### Problem to solve
Each entry below is to be copied out exactly and in full.

### Material for this exercise

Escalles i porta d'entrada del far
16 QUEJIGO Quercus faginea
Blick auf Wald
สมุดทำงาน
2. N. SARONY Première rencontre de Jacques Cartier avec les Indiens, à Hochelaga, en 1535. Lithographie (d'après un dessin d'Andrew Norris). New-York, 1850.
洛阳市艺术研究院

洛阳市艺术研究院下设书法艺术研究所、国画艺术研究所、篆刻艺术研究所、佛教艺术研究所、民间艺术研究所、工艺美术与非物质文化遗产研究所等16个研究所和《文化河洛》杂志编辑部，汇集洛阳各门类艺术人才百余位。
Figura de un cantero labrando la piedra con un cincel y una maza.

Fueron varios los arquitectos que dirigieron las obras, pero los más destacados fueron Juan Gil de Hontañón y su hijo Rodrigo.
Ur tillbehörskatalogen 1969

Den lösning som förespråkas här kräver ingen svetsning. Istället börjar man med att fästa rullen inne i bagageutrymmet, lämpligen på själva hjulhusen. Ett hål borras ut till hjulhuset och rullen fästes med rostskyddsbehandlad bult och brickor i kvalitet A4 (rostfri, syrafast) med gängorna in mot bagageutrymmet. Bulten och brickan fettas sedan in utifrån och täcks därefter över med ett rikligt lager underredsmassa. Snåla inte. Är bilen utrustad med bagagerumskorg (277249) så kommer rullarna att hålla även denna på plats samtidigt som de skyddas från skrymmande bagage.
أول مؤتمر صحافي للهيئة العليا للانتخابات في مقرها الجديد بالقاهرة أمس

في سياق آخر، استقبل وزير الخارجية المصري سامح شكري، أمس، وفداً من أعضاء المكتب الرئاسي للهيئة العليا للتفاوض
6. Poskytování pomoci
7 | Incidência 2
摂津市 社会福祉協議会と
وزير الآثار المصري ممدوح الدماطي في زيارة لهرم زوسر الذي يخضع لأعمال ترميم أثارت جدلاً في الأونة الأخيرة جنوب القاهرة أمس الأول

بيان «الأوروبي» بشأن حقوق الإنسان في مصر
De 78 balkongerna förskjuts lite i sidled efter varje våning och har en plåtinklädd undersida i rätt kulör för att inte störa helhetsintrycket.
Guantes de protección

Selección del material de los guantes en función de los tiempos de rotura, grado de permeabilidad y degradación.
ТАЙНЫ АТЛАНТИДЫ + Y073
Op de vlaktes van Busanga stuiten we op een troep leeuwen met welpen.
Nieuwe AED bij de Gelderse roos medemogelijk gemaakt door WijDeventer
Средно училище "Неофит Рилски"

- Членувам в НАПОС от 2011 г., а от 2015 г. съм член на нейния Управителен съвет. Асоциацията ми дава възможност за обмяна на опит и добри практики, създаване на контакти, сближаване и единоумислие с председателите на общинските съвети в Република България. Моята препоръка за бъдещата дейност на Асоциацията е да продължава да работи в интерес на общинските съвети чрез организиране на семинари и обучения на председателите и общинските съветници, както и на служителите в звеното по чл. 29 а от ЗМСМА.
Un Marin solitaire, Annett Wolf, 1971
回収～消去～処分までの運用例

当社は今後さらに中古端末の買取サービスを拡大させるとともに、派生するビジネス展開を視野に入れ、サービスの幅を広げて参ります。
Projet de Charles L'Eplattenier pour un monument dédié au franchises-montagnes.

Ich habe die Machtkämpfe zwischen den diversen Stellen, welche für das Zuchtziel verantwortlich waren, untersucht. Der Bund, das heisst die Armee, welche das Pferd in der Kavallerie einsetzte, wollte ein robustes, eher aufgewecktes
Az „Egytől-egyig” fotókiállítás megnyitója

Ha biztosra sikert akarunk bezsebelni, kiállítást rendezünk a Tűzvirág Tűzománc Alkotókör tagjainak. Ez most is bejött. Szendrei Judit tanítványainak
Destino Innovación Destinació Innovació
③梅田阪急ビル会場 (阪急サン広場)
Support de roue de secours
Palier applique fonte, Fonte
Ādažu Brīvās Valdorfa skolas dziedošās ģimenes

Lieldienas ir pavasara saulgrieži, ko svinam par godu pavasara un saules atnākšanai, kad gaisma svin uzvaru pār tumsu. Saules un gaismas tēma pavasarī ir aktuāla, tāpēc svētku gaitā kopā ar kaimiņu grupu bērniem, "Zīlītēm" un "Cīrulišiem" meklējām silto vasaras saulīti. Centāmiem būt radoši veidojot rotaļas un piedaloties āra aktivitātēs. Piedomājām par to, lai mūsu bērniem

### Expected answer
Escalles i porta d'entrada del far
16 QUEJIGO Quercus faginea
Blick auf Wald
สมุดทำงาน
2. N. SARONY Première rencontre de Jacques Cartier avec les Indiens, à Hochelaga, en 1535. Lithographie (d'après un dessin d'Andrew Norris). New-York, 1850.
洛阳市艺术研究院

洛阳市艺术研究院下设书法艺术研究所、国画艺术研究所、篆刻艺术研究所、佛教艺术研究所、民间艺术研究所、工艺美术与非物质文化遗产研究所等16个研究所和《文化河洛》杂志编辑部，汇集洛阳各门类艺术人才百余位。
Figura de un cantero labrando la piedra con un cincel y una maza.

Fueron varios los arquitectos que dirigieron las obras, pero los más destacados fueron Juan Gil de Hontañón y su hijo Rodrigo.
Ur tillbehörskatalogen 1969

Den lösning som förespråkas här kräver ingen svetsning. Istället börjar man med att fästa rullen inne i bagageutrymmet, lämpligen på själva hjulhusen. Ett hål borras ut till hjulhuset och rullen fästes med rostskyddsbehandlad bult och brickor i kvalitet A4 (rostfri, syrafast) med gängorna in mot bagageutrymmet. Bulten och brickan fettas sedan in utifrån och täcks därefter över med ett rikligt lager underredsmassa. Snåla inte. Är bilen utrustad med bagagerumskorg (277249) så kommer rullarna att hålla även denna på plats samtidigt som de skyddas från skrymmande bagage.
أول مؤتمر صحافي للهيئة العليا للانتخابات في مقرها الجديد بالقاهرة أمس

في سياق آخر، استقبل وزير الخارجية المصري سامح شكري، أمس، وفداً من أعضاء المكتب الرئاسي للهيئة العليا للتفاوض
6. Poskytování pomoci
7 | Incidência 2
摂津市 社会福祉協議会と
وزير الآثار المصري ممدوح الدماطي في زيارة لهرم زوسر الذي يخضع لأعمال ترميم أثارت جدلاً في الأونة الأخيرة جنوب القاهرة أمس الأول

بيان «الأوروبي» بشأن حقوق الإنسان في مصر
De 78 balkongerna förskjuts lite i sidled efter varje våning och har en plåtinklädd undersida i rätt kulör för att inte störa helhetsintrycket.
Guantes de protección

Selección del material de los guantes en función de los tiempos de rotura, grado de permeabilidad y degradación.
ТАЙНЫ АТЛАНТИДЫ + Y073
Op de vlaktes van Busanga stuiten we op een troep leeuwen met welpen.
Nieuwe AED bij de Gelderse roos medemogelijk gemaakt door WijDeventer
Средно училище "Неофит Рилски"

- Членувам в НАПОС от 2011 г., а от 2015 г. съм член на нейния Управителен съвет. Асоциацията ми дава възможност за обмяна на опит и добри практики, създаване на контакти, сближаване и единоумислие с председателите на общинските съвети в Република България. Моята препоръка за бъдещата дейност на Асоциацията е да продължава да работи в интерес на общинските съвети чрез организиране на семинари и обучения на председателите и общинските съветници, както и на служителите в звеното по чл. 29 а от ЗМСМА.
Un Marin solitaire, Annett Wolf, 1971
回収～消去～処分までの運用例

当社は今後さらに中古端末の買取サービスを拡大させるとともに、派生するビジネス展開を視野に入れ、サービスの幅を広げて参ります。
Projet de Charles L'Eplattenier pour un monument dédié au franchises-montagnes.

Ich habe die Machtkämpfe zwischen den diversen Stellen, welche für das Zuchtziel verantwortlich waren, untersucht. Der Bund, das heisst die Armee, welche das Pferd in der Kavallerie einsetzte, wollte ein robustes, eher aufgewecktes
Az „Egytől-egyig” fotókiállítás megnyitója

Ha biztosra sikert akarunk bezsebelni, kiállítást rendezünk a Tűzvirág Tűzománc Alkotókör tagjainak. Ez most is bejött. Szendrei Judit tanítványainak
Destino Innovación Destinació Innovació
③梅田阪急ビル会場 (阪急サン広場)
Support de roue de secours
Palier applique fonte, Fonte
Ādažu Brīvās Valdorfa skolas dziedošās ģimenes

Lieldienas ir pavasara saulgrieži, ko svinam par godu pavasara un saules atnākšanai, kad gaisma svin uzvaru pār tumsu. Saules un gaismas tēma pavasarī ir aktuāla, tāpēc svētku gaitā kopā ar kaimiņu grupu bērniem, "Zīlītēm" un "Cīrulišiem" meklējām silto vasaras saulīti. Centāmiem būt radoši veidojot rotaļas un piedaloties āra aktivitātēs. Piedomājām par to, lai mūsu bērniem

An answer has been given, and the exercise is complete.